[[ DATA SECTION, beginning ]]
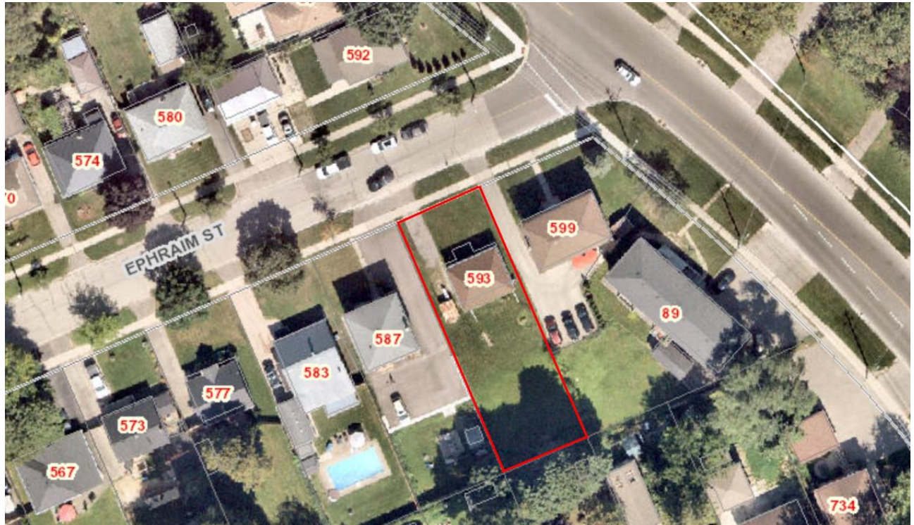
Figure 1 – Location of subject property (outlined in RED)

The subject property is identified as 'Community Areas' on Map 2 – Urban Structure and is designated 'Low Rise Residential' on Map 3 – Land Use in the City's 2014 Official Plan.
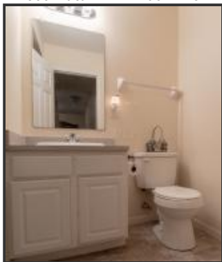
Lower level bath also has a full bath
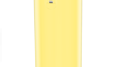
Coupling with clip 50 mm
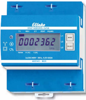
Typical connection 4-wire-connection 3x230/400 V
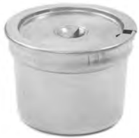
round inset and lid
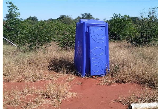
Portable toilets at construction site (Reception Site).
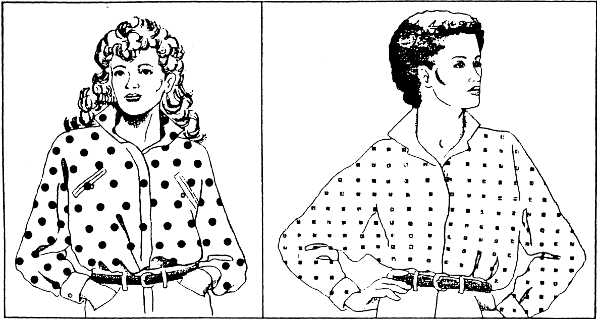
FIGURE 11-22. The figure on the left shows how a patterned fabric with considerable contrast in lightness and darkness enlarges an area. Compare this garment with the one on the right, in which there is less contrast.
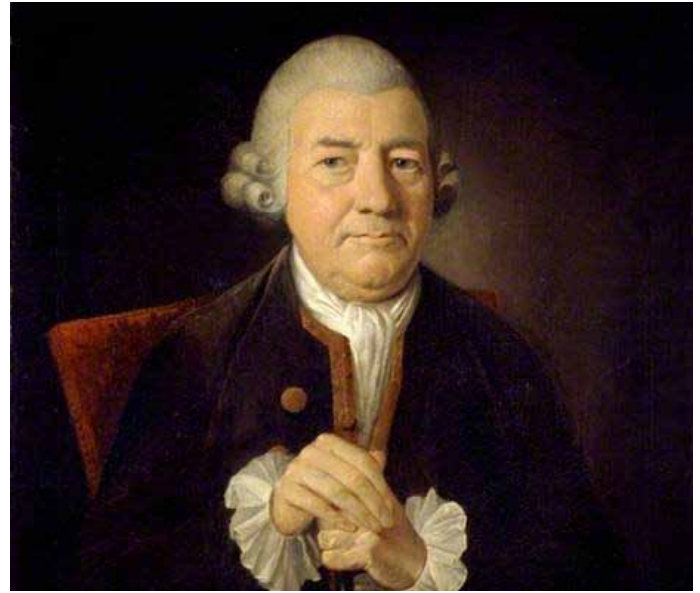
John Baskerville 's typeface is still used around the world

Later he set up a business in the manufacture of Japanned goods. This was an early form of enamelling based on the style of goods from India, China and Japan which had become popular in Europe. John Baskerville's japanning business made him a wealthy man and allowed him to turn his attention to his main passion - typography.
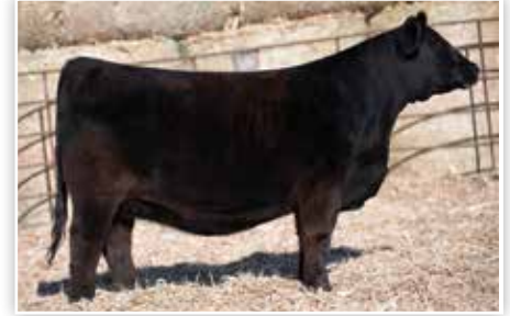
LONG'S DIAMOND K49 $70,000 Valued Dam of Lot 66
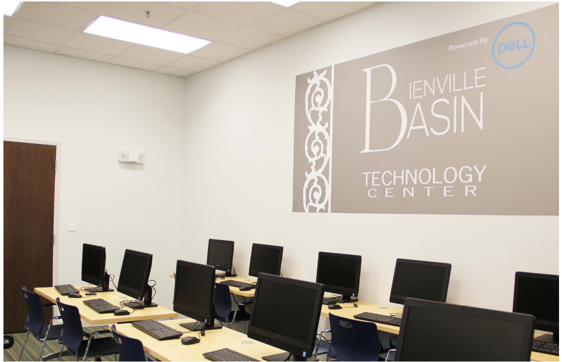
Bienville Basin Technology Lab Presented by Dell
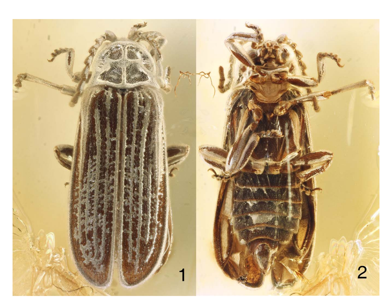
FIGURES 1–2. General view of Protolopheros hoffeinsorum gen. n., sp. n., holotype male. 1—dorsally; 2—same, ventrally.
[[ DATA SECTION, end ]]
• **PROBLEM**
The records must come back exactly, with their pictures removed.

• **THE ANSWER**
Figure 1 – Location of subject property (outlined in RED)

The subject property is identified as 'Community Areas' on Map 2 – Urban Structure and is designated 'Low Rise Residential' on Map 3 – Land Use in the City's 2014 Official Plan.
Lower level bath also has a full bath
Coupling with clip 50 mm
Typical connection 4-wire-connection 3x230/400 V
round inset and lid
Portable toilets at construction site (Reception Site).
FIGURE 11-22. The figure on the left shows how a patterned fabric with considerable contrast in lightness and darkness enlarges an area. Compare this garment with the one on the right, in which there is less contrast.
John Baskerville 's typeface is still used around the world

Later he set up a business in the manufacture of Japanned goods. This was an early form of enamelling based on the style of goods from India, China and Japan which had become popular in Europe. John Baskerville's japanning business made him a wealthy man and allowed him to turn his attention to his main passion - typography.
LONG'S DIAMOND K49 $70,000 Valued Dam of Lot 66
Bienville Basin Technology Lab Presented by Dell
FIGURES 1–2. General view of Protolopheros hoffeinsorum gen. n., sp. n., holotype male. 1—dorsally; 2—same, ventrally.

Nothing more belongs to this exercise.